The star, best known for her role as Hermione Granger in the Harry Potter films, has not acted in a film since December 2018, when she completed work on Greta Gerwig’s adaptation of Little Women, and said she was now “maybe the happiest and healthiest I’ve ever been”.
She continued by saying that while she had enjoyed the work itself, the ancillary duties of promotion were less to her taste.
“The bigger component than the actual job itself is the promotion and selling of that piece of work, this piece of art. The balance of that can get quite thrown off,” Watson said.

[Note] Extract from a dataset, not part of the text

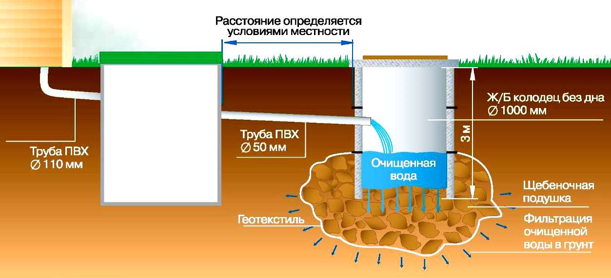 Pour économiser de l'argent sur les services d'un égout, il est logique d'améliorer le récepteur d'égout: construire une fosse septique à deux chambres sur le site. On l'appelle aussi fosse de débordement. Agit sur le principe suivant :

“I think I’ll be honest and straightforward, and say: I do not miss selling things. I found that to be quite soul-destroying. But I do very much miss using my skill-set, and I very much miss the art. I just found I got to do so little of the bit that I actually enjoyed.”
Watson has been in the public eye since 2000, when she was first cast in the franchise adapted from JK Rowling’s books. Other key roles included Ballet Shoes (2007), My Week With Marilyn (2011), The Perks of Being a Wallflower (2012) and Sofia Coppola’s The Bling Ring (2013).

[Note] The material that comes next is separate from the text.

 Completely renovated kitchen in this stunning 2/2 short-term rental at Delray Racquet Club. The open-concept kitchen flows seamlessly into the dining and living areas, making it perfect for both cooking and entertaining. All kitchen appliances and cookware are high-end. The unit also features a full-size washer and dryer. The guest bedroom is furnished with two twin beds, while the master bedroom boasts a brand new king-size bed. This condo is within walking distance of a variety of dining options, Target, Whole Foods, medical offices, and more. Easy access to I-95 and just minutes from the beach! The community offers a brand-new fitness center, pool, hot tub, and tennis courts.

She then starred as Russell Crowe’s daughter in Darren Aronofsky’s Noah (2014) and as Belle in the live-action adaptation of Beauty and the Beast (2017), before taking on the role of Meg March in Little Women.
Although those three films were substantial hits, some of Watson’s other films were less successful, with 2016’s The Colony taking just £47 at the UK box office.

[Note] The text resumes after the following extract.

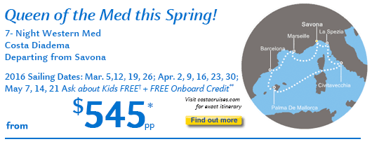 Check out our Med cruise sailings this spring and see what is possible with these incredible offers. Remember, our FREE Onboard Credit** program is flexible and can be used for spa or beverage packages, shore excursions, WIFI or the gift shops, allowing you to Costa-mize your onboard experience however YOU choose. Don't delay, the 14th is just around the corner!

“The moment you get on a film set,” Watson continued, “you don’t get very long for rehearsal. But the moment you get to talk through a scene – or I got to prepare and think about how I wanted to do something – and then the minute the camera rolls, and getting to just completely forget about everything else in the world other than that one moment – it’s such an intense form of meditation. Because you just cannot be anywhere else.
“It’s so freeing. I miss that profoundly. But I don’t miss the pressure. I forgot it was a lot of pressure. I did a small thing for a play, just with my friends. I was like, ‘Bloody hell, this is stressful!’ And that wasn’t even for a real public audience or anything. I don’t miss that.”
Watson graduated from Brown university in the US with a degree in English literature in 2014 and is currently studying for a DPhil in creative writing at Oxford. She remains an active campaigner for environmental justice and climate change mitigation and has spoken out for solidarity with the people of Palestine.
Her stance on transgender issues has put her – as well as co-stars Daniel Radcliffe and Rupert Grint – in direct opposition to Rowling, and their ongoing feud continues to make headlines. The actor won the top prize at the inaugural genderless MTV movie and TV awards in 2017.
In her acceptance speech, Watson said the award “says something about how we perceive the human experience”.
Along with her brother, Alex, Watson also runs a sustainable gin brand called Renais.
“The most important thing, really – or the foundation of your life – is your home and friends and family. I think I worked so hard for so long that my life sort of bottomed out,” she told Hollywood Authentic.
“The bottom fell out of the piece, which was actually me and my life. So I needed to go and do some construction work. Some good foundations for anything else to grow from. Because if you don’t have that, there’s a kind of mania that ensues; a kind of panic where you move from one project to the next, kind of terrified of the void in between them. You realise you don’t have a rhythm to your life.”
Speaking to the Financial Times in a 2023 interview, Watson said she “wasn’t very happy” with the acting profession and “felt a bit caged”.